The hospital was just 11 years old when Barbara arrived, having been established in 1952 in the kindergarten in the church hall the Mackenzie sisters had attended as children. Her role was to teach the local doctors and midwives how to deliver babies and care for infants. She would only get involved in the more complex deliveries.

Her temporary placement turned into 30-plus years! Barbara remained at Il Sin Hospital until 1995. In her last ten years, she moved out of the hospital compound and into the community. She was the only expat on staff during that last decade and she felt content. She also knew that God was calling her to another career, this time in palliative care.

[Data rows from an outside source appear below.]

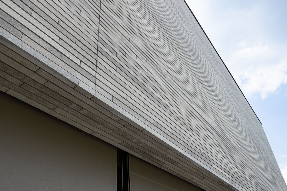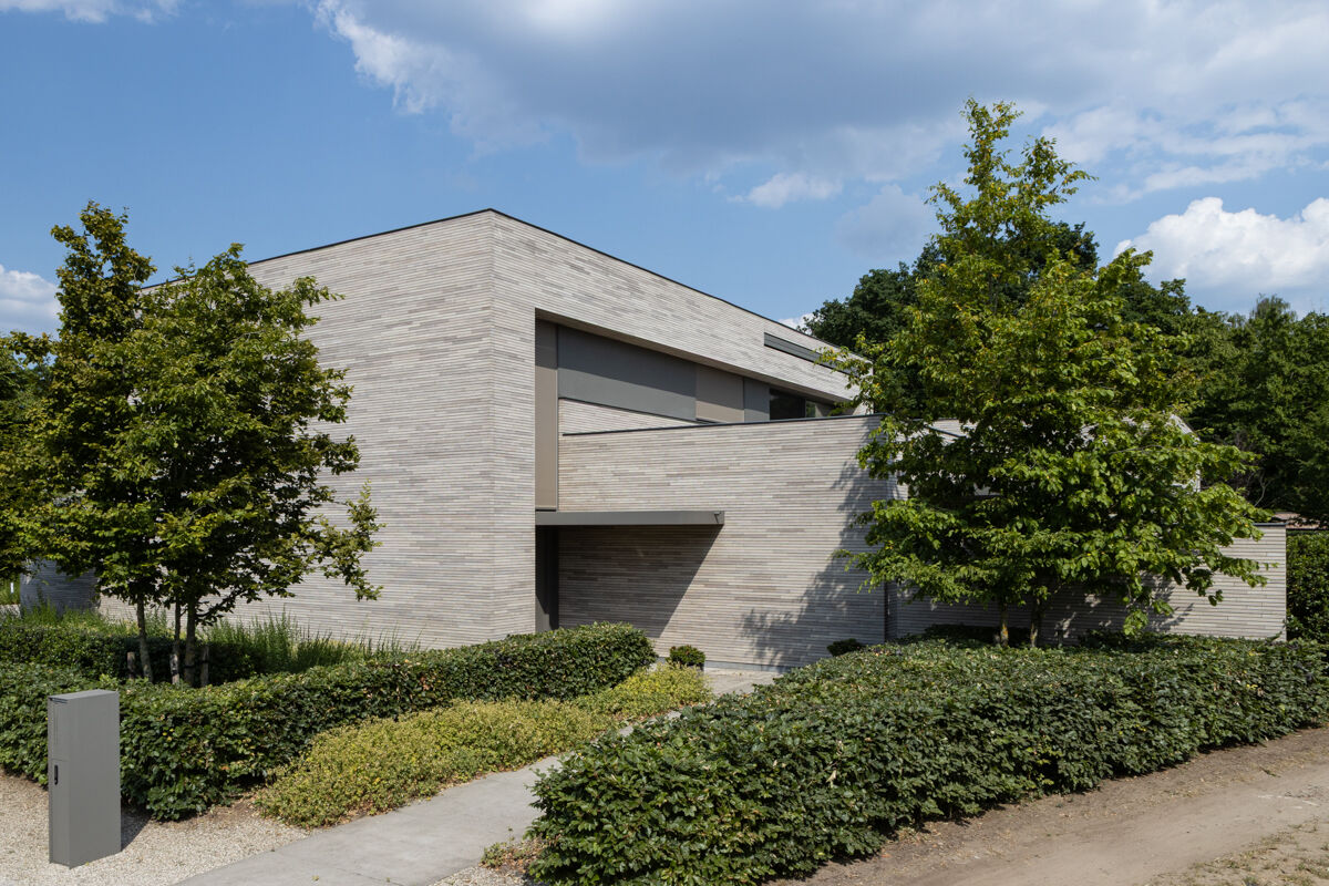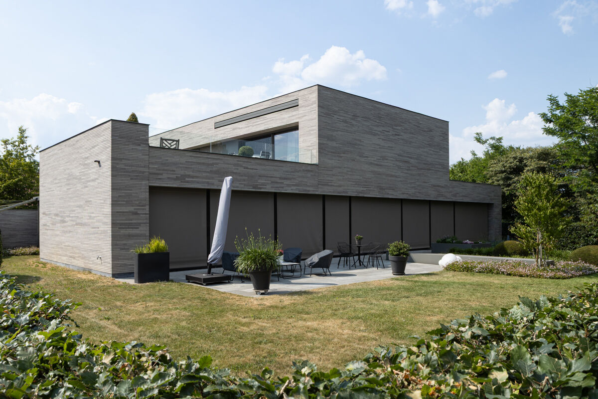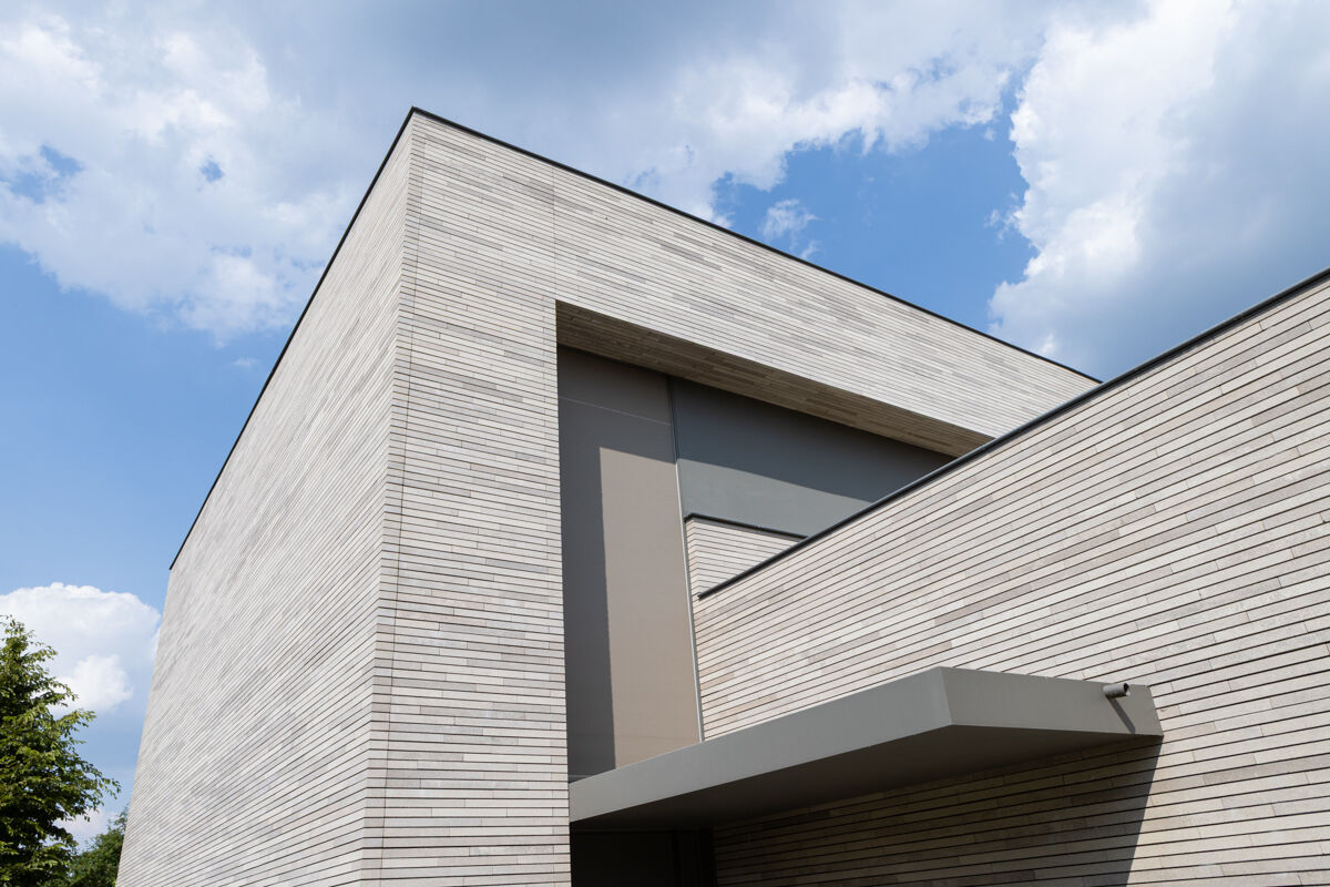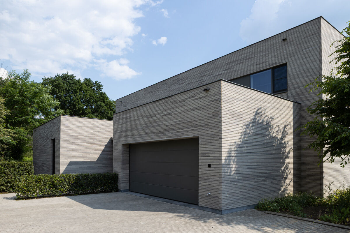 Für das hier präsentierte moderne Luxushaus 118-115-ModF-H6 haben sich die Bauherren für eine Variante im Modulformat (ModF) entschieden, so dass die Klinker Maße von 595 x 95 x 40 mm (LxBxH) haben. In Kombination mit dem Strangpress-Verfahren und der Farbe grau nuanciert entsteht dann für das Luxushaus eine ganz eigene Anmutung der Klinkerfassade, die die Architektur unterstützt und Akzente setzt.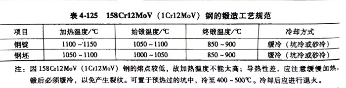 158Cr12MoV(1Cr12MoV)不銹鋼鍛(duan)造工藝規范見表(biao)4-125。
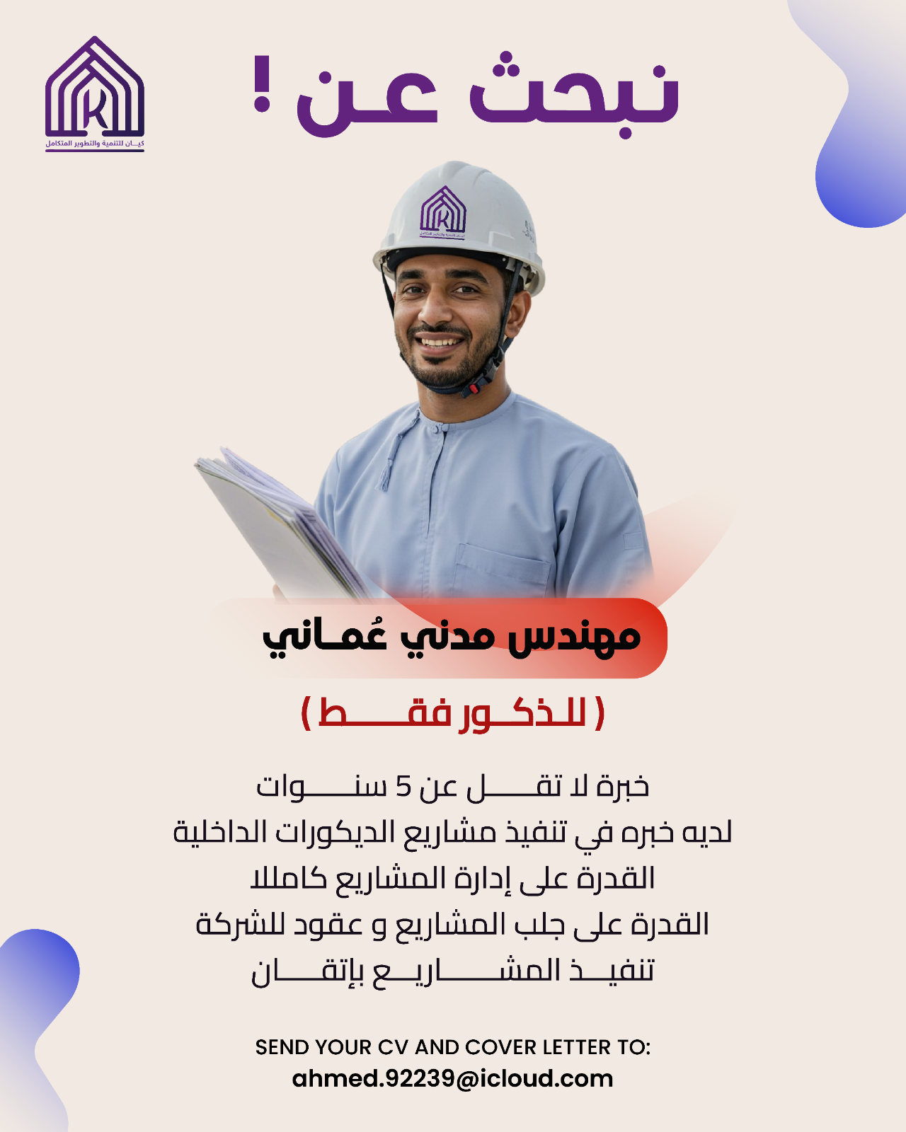 شركة كيان للتنمية والتطوير المتكامل - وظيفة شاغرة ( مهندس مدني عماني )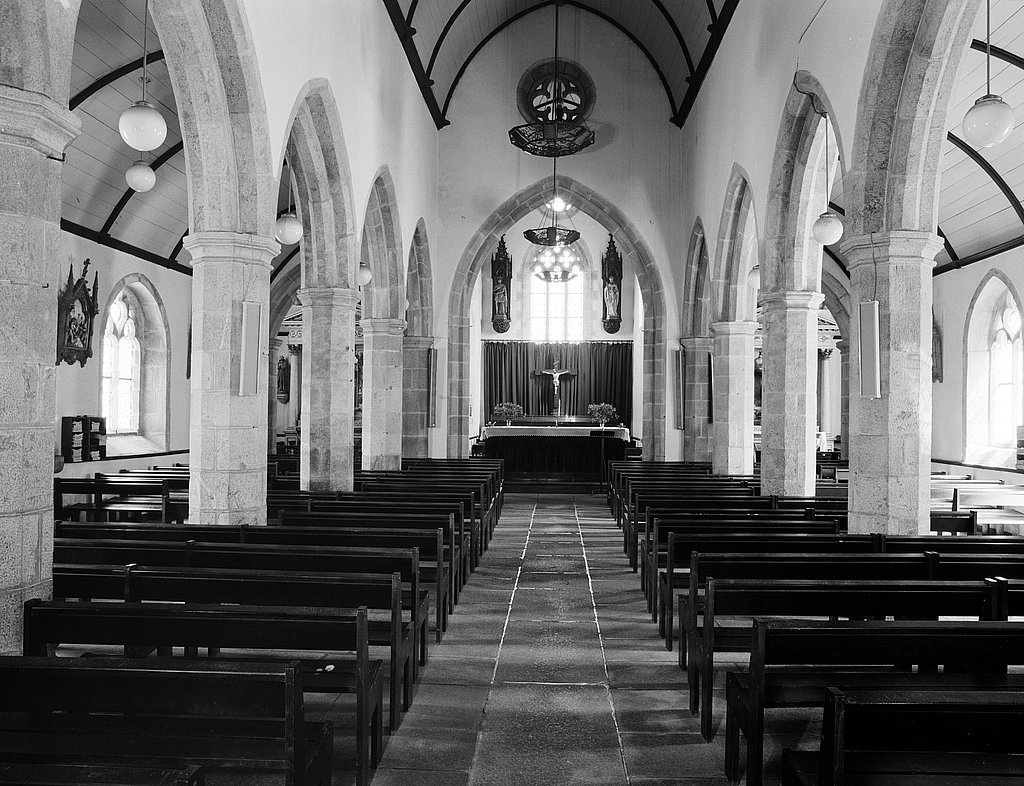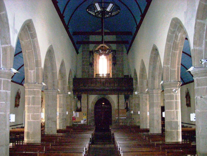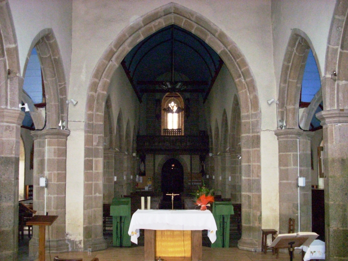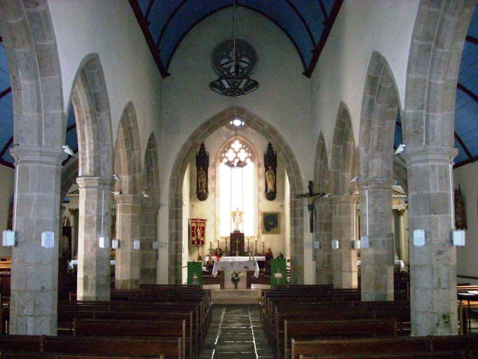 Plan en croix latine à trois vaisseaux. Chevet plat flanqué au sud d´une sacristie hors-œuvre de plan carré. Clocher à une galerie et à une chambre de cloches ajourée amortie d´une flèche octogonale ajourée ornée de crossette et encadrée à sa base par quatre gables ajourés et quatre pinacles. Clocheton à la croisée du transept. Gros œuvre en moellon de granite enduit, à l´exception des encadrements des baies et des chaînages d´angle. Nef à six travées couverte d´un lambris de couvrement. Arcades en arc brisé reposant sur les chapiteaux des piliers octogonaux. Chœur séparé de la nef par un arc diaphragme et accosté de deux chapelles latérales ouvertes sur le faux transept. Deux chapelles latérales au niveau de la cinquième et sixième travée formant faux transept. Sol couvert de dalles de granite.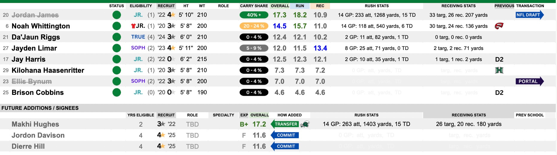 It’s difficult to imagine that this talented group had any struggles, but it wasn’t always that easy. Jordan James pulled away from Noah Whittington as the leader and showed out with over 1,200 yards and 15 touchdowns. He is heading to play on Sundays and Whittington is joined by big-time transfer back Makhi Hughes, coming in from Tulane. Expect Hughes to play the James role with Whittington remaining the backup and change-of-pace. There shouldn’t be any drop off here.

And so Barbara returned to Australia from South Korea aged 62, moving to Newcastle to undertake palliative care training which became a very full-time late-career change role for a further ten years.

As Barbara reflects on her time as a very busy doctor in South Korea, she acknowledges she didn’t have much time to attend Bible study classes, but she has no doubt that she was in God’s hands and heart every single day.

As with any job, there were hard times, disagreements, decisions she didn’t like, and people who had a different understanding of their faith to her own. Barbara has returned to South Korea on a few occasions since retiring. However, a little piece of her heart remains there, with the people of Pusan.